Available Transformer Integrations
There are two official transformer integrations:
| Transformer | Description |
|---|---|
| Basic | Rename tables, add or remove columns, obfuscate sensitive data, normalize casing, drop rows by value, and add timestamps or literal columns. |
| JSON Flattener | Flatten single-level JSON object fields into individually typed destination columns while preserving the original JSON column. |
You can also browse all transformations (including post-load dbt packages) in the CloudQuery Hub.
Configuration
A transformer integration requires a kind: transformer spec in your configuration file, and the destination must reference it by name. Here’s a complete example that syncs AWS data through a Basic transformer into PostgreSQL:
kind: source
spec:
name: "aws"
path: "cloudquery/aws"
registry: "cloudquery"
version: "v33.18.0"
destinations: ["postgresql"]
tables: ["aws_s3_buckets", "aws_ec2_instances"]
---
kind: destination
spec:
name: "postgresql"
path: "cloudquery/postgresql"
registry: "cloudquery"
version: "v8.14.6"
write_mode: "overwrite-delete-stale"
migrate_mode: forced
transformers:
- "basic"
spec:
connection_string: "postgresql://user:password@localhost:5432/db_name"
---
kind: transformer
spec:
name: "basic"
path: "cloudquery/basic"
registry: "cloudquery"
version: "VERSION_TRANSFORMER_BASIC"
spec:
transformations:
- kind: obfuscate_sensitive_columns
- kind: change_table_names
tables: ["*"]
new_table_name_template: "cq_sync_{{.OldName}}"The destination references "basic" by name. The CLI matches this to the transformer spec with name: "basic" and routes records through it before writing.
If you plan to modify the schema from a previous sync (e.g. renaming tables or removing columns), set migrate_mode: forced on the destination so the schema is recreated.
Transformer Spec Reference
Available options for the transformer integration spec object:
name
(string, required)
Name of the integration. Must be unique if you have multiple transformer integrations.

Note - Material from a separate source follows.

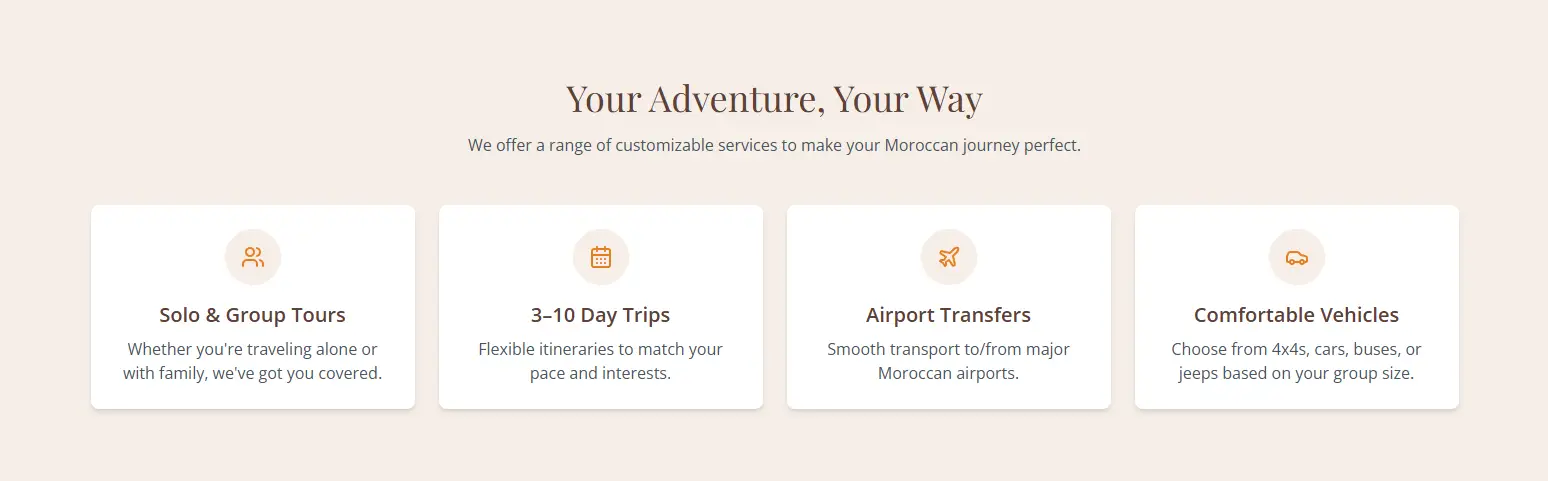 Your dreams, your pace, your Morocco. We craft custom itineraries that perfectly balance iconic landmarks with off-the-beaten-path discoveries.

The name is how destinations reference this transformer. For example, if you have two configs for the Basic integration transforming data differently for two destinations, you could name them basic-1 and basic-2. In this case, the path option below must be used to specify the download path for the integration.
registry
(string, optional, default: cloudquery, available: cloudquery, local, grpc, docker)

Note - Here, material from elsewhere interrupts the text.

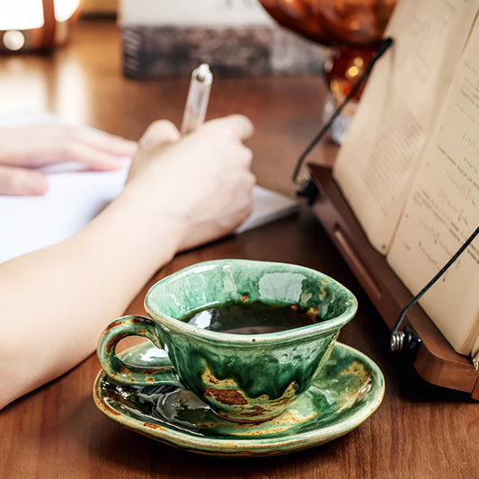 Vintage Emerald Rustic Glazed Coffee Cup & Saucer Set

cloudquery: Download the integration from the official CloudQuery registry and execute it.local: Execute the integration from a local filesystem path.grpc: Connect to an already-running integration via gRPC (useful for debugging).docker: Run the integration as a Docker container.
path
(string, required)
Configures how to retrieve the integration. The format depends on the registry value.
- For
cloudqueryregistry:"cloudquery/<integration-name>"(e.g.cloudquery/basic). - For
localregistry: a filesystem path to the integration binary. - For
grpcregistry: the host and port of the running integration (e.g.localhost:7777).
version
(string, required)
Must be a valid SemVer, e.g. vMajor.Minor.Patch. You can find official integration versions on the GitHub releases page or on each integration’s hub page.
spec
(object, optional)
Integration-specific configuration. See the documentation for each transformer:
Common Use Cases
Renaming Tables
Add a prefix to all synced tables to avoid naming conflicts:
transformations:
- kind: change_table_names
tables: ["*"]
new_table_name_template: "cq_{{.OldName}}"Obfuscating Sensitive Data
Automatically redact all columns marked sensitive by the source, plus specific columns by name:
transformations:
- kind: obfuscate_sensitive_columns
- kind: obfuscate_columns
tables: ["aws_iam_users"]
columns: ["password_last_used"]Dropping Rows
Filter out rows where a column matches a specific value:
transformations:
- kind: drop_rows
tables: ["aws_ec2_instances"]
columns: ["region"]
value: "us-west-1"Removing Columns
Strip columns you don’t need in the destination:
transformations:
- kind: remove_columns
tables: ["aws_s3_buckets"]
columns: ["policy"]Transformations are applied sequentially. If you rename tables, subsequent transformations must use the new table names.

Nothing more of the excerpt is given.